An overview of water, food, financial, green tech and nutritional technology that can solve many social ills, while providing millions of jobs in a buoyant free market. This article is extremely densely written. Entrepreneurs can do extensive follow up research themselves. One sentence could be a springboard to months of research.

Dear Graduates and Unemployed,


This letter covers SHELVED technology that raises standards of living and creates jobs. The mainstream media, and the blogosphere has ignored some of these systems for decades.

What takes a politician 20 years to achieve, an entrepreneur can do in two.

No hoverboards or exoskeletons

NOTE: None of this technology is rumored, mythological Area 51 tech. Just simple systems that have been sitting quietly in the public domain for too long. The public is as much to blame for the silence as the corporate media. I attempted to aggregate this information to make it easier for people to conceptualize.

Billion dollar markets for the future:

Food and Farming:
Hydroponics.
Aquaponics.
Solar dehydration.
Rapid growth crops.
Low budget vertical farms.
Consumer funded food safety labs.



Grassroots Finance:
Localized crowdfunding.
Specialized crowdfunding.
Crowdfunding Radio.
Crowdfinancing Tuition.
Open Source Monetization.
Donation Apps.

Water Technology:
Atmospheric Water Generators.
Lifesaver bottles.
Lifestraws.
Ozone Machines.
Portable Water Disinfection Kits.



Pollution Clearing Technology:
Open Source Tesla Cars.
Archimedes Wind Turbines.
Maglev Vertical Axis Wind Turbines.
Innovative Waste Disposal.
Industrial Hemp and Bamboo.

Crowdsolving Platforms:

Plan for a Crowdsolving Website




Release the New Technology!

Five benefits:

1) Creation of jobs at all levels of the economy.
2) Increase in standard of living for end users.
3) Increase in standard of living for overseas buyers.
4) Creation of foreign markets, as countries rush to use this newly publicized technology.
5) Creation of a knowledge economy, where pioneers consult and educate




JOB CREATION

I'm a researcher in pragmatic future technology.
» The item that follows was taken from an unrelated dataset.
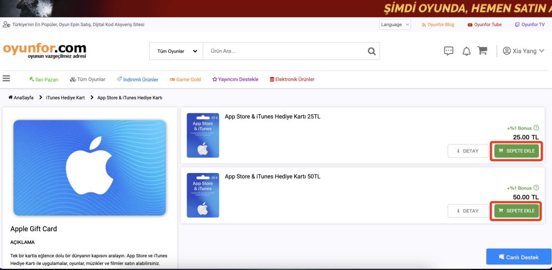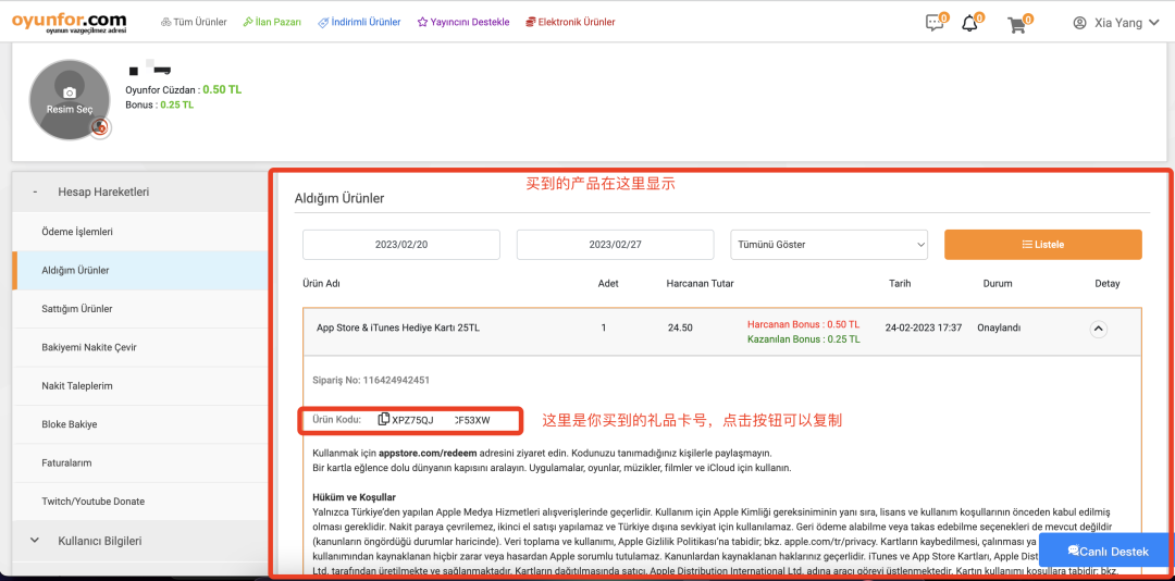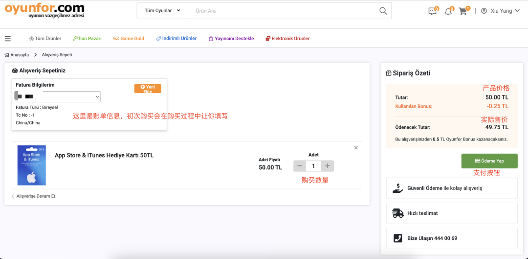 7.2 购买土耳其礼品卡(oyunfor)偶尔抽风,可以购买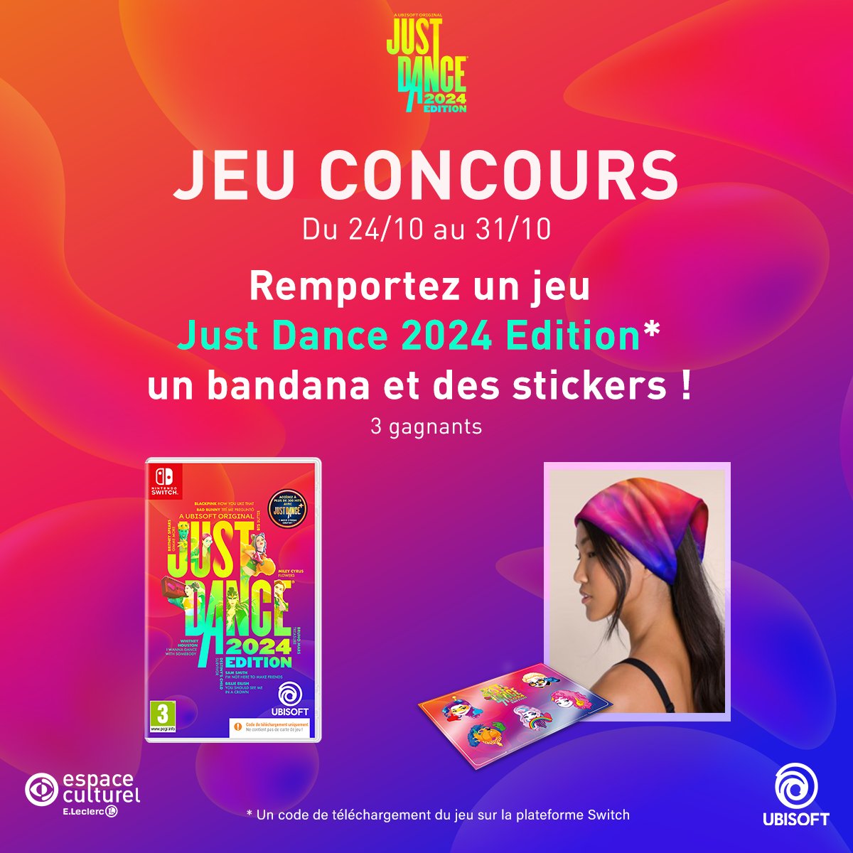 • 3 jeux vidéo "Just Dance 2024" sur Nintendo Switch avec des goodies

I crammed 30 ultralight businesses into one letter.

Ignored ideas with the potential to decrease five major social tensions.

1) Famine
2) Malnutrition
3) Water scarcity
4) Financial inequality
5) Pollution.




Is this futuristic half baked garbage?

No. This letter only covers technology that's on sale now. Some of these ideas have been screaming their lungs out for decades.

Every single device you see here is now in production and being sold. It's up to people to dig out the information themselves. As I am covering lot's of ground, I can't spoonfeed links to people.

*

Where will I be five years from now?

Vultures are circling.

I don't want to live in a Clockwork-Orange-Robocop dystopia. I don't
want my town writhing under corporate dominated banking, fumbling
entrepreneurs, endemic mineral deficiencies, rip off GMO supplements,
choke-oil-trains, and centralized farming.

End goal: create a livable neighborhood.

I want to see crowdfunding classes at the local night-school, and a
walk-in crowdfinancing portal in the high street. Sachets of pure
magnesium in 7-11. Can my neighbors grow fresh food on a hundred
rooftops or window gardens? I want to turn on the news and see hunger
being solved with ultrafast 3 day organic crops (Alfalfa!!!!) and mass
solar dehydration. Open source electric cars, hyper-efficient wind
turbines. Most of all, I dream jobs from 10,000 ethical startups.



*

If there's any interest, I'll continue.



*****




edit on 29-7-2014 by HiAliens because: Took away a zero. Didn't want to seem too, over the top, you know what I mean. Who's reading this?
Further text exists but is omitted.